A Japanese idol group song about keeping emotions locked away, where the heart's storm never stops.
kokoro no arashi ga tomaranakute
22/7's 'Kanjou Muyouron' translates roughly to 'Emotion Useless Theory.' The lyric excerpt starts with 'kanjou wa iranai reiseide itai', 'I don't need emotions, I want to be calm.' It's a song from the idol group's catalog that sits alongside tracks like 'Chikatetsu Teikou Shugi' and 'Shampoo no Nioi ga Shita.'
The phrase 'kokoro no arashi ga tomaranakute', 'the storm in my heart won't stop', doesn't get resolved. It just keeps going while the singer builds walls and puts up barriers, saying 'nani mo misenai you ni baria wo haru shika nai wa', 'I have no choice but to put up a barrier so I don't show anything.'
It's the central image, an internal weather that doesn't clear. The song doesn't try to calm the storm; it just acknowledges it's there, unceasing, while the person tries to act unaffected.

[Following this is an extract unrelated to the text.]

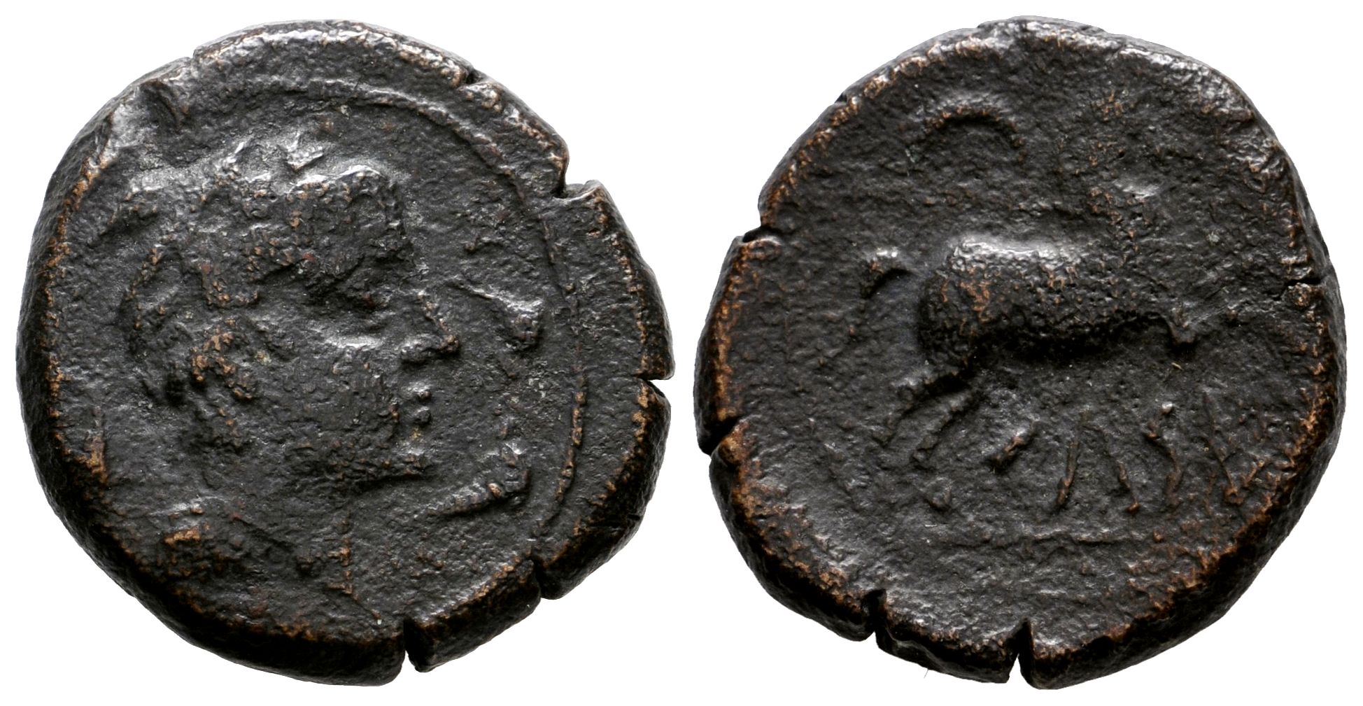 CELSA-KELSE. Semis. 120-50 a.C. Velilla de Ebro (Zaragoza) A/ Cabeza masculina a derecha, rodeada de tres delfines. R/ Caballo a derecha, encima creciente, sobre exergo KeLSE. FAB-787. Ae. 8,16g. MBC-. Escasa.

The song doesn't argue for or against emotional suppression. It just states the condition: wanting calm, fearing exposure, and finding loneliness the easiest state. That 'egoist' line near the end feels like a quiet admission, not a boast.
The way 'kanjou wa iranai reiseide itai' repeats, almost like a mantra that's not quite working. The vocal delivery on 'hitorikiri de', 'all alone', has a particular weight.